WHAT THE EXERCISE ASKS:
Keep the pictures out, and restate the listing that follows exactly as written.

DATA PROVIDED:

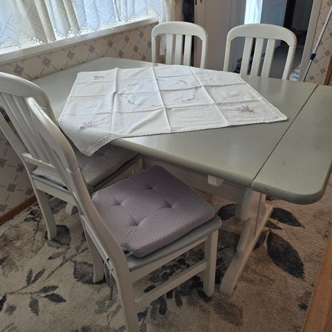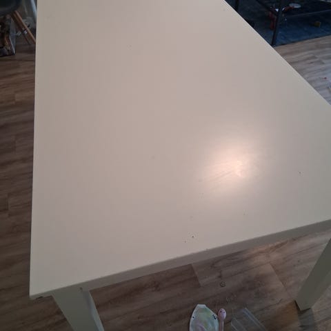 Pent spisebord, noen små merker i bordplaten, med ilegg-plate.
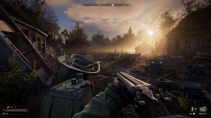 Jeśli uważnie przyjrzymy się tym pięknym ujęciom z postapokaliptycznej Zony, zauważymy, że interfejs użytkownika został trochę zmieniony. W lewym dolnym rogu widać paski życia i poziomu napromieniowana oraz kilka dodatkowych ikonek (najpewniej stan m.in. głodu i zmęczenia). Informacja o dostępnych nabojach w prawym rogu również jest nieco inna.
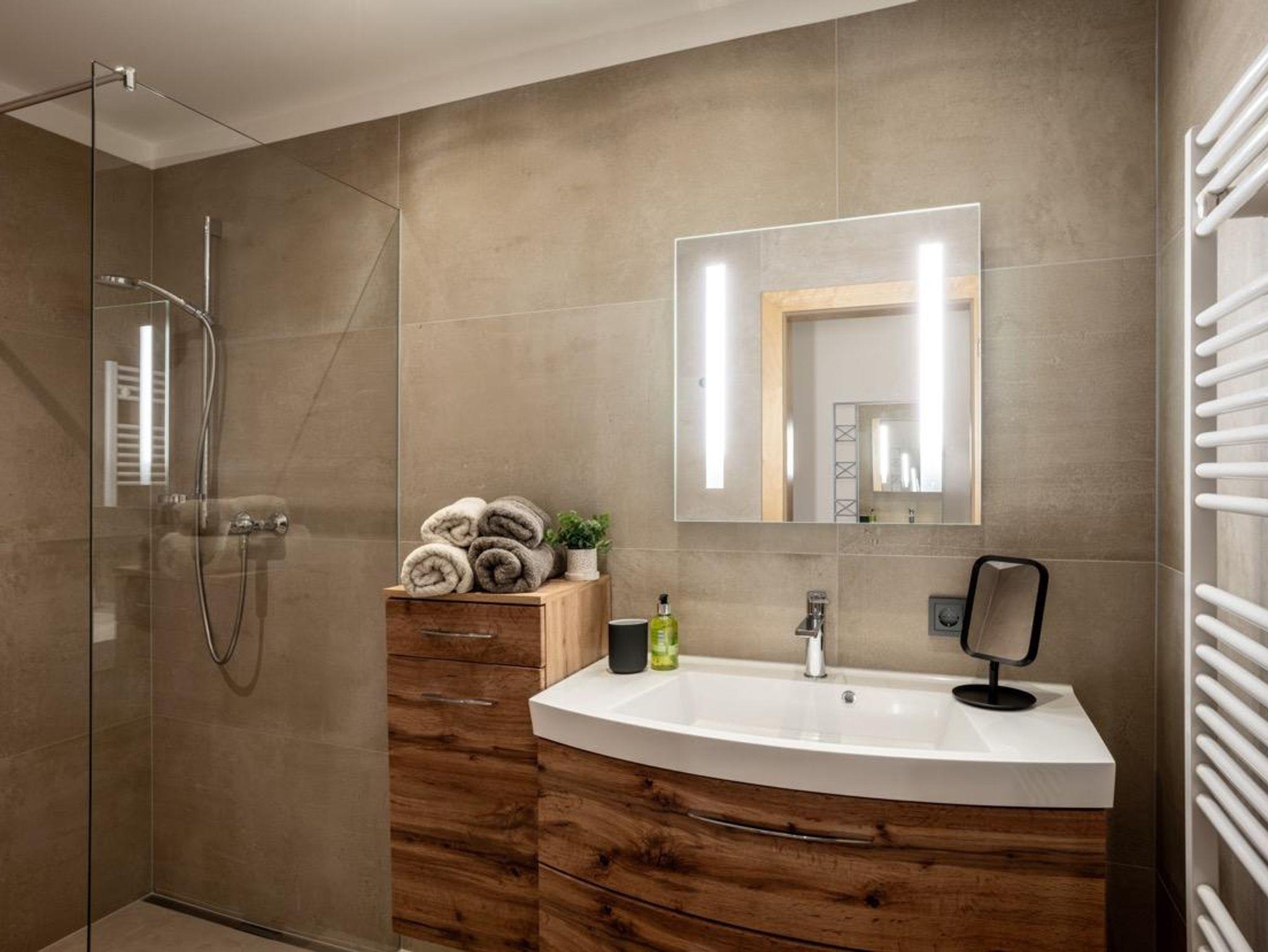 • Badezimmer: Das Badezimmer ist mit einer barrierefreien Dusche ausgestattet, die Ihnen höchsten Komfort bietet. Das WC ist separat untergebracht, um Ihnen maximale Privatsphäre zu gewährleisten.

OUTPUT BELOW:
 Pent spisebord, noen små merker i bordplaten, med ilegg-plate.
 Jeśli uważnie przyjrzymy się tym pięknym ujęciom z postapokaliptycznej Zony, zauważymy, że interfejs użytkownika został trochę zmieniony. W lewym dolnym rogu widać paski życia i poziomu napromieniowana oraz kilka dodatkowych ikonek (najpewniej stan m.in. głodu i zmęczenia). Informacja o dostępnych nabojach w prawym rogu również jest nieco inna.
 • Badezimmer: Das Badezimmer ist mit einer barrierefreien Dusche ausgestattet, die Ihnen höchsten Komfort bietet. Das WC ist separat untergebracht, um Ihnen maximale Privatsphäre zu gewährleisten.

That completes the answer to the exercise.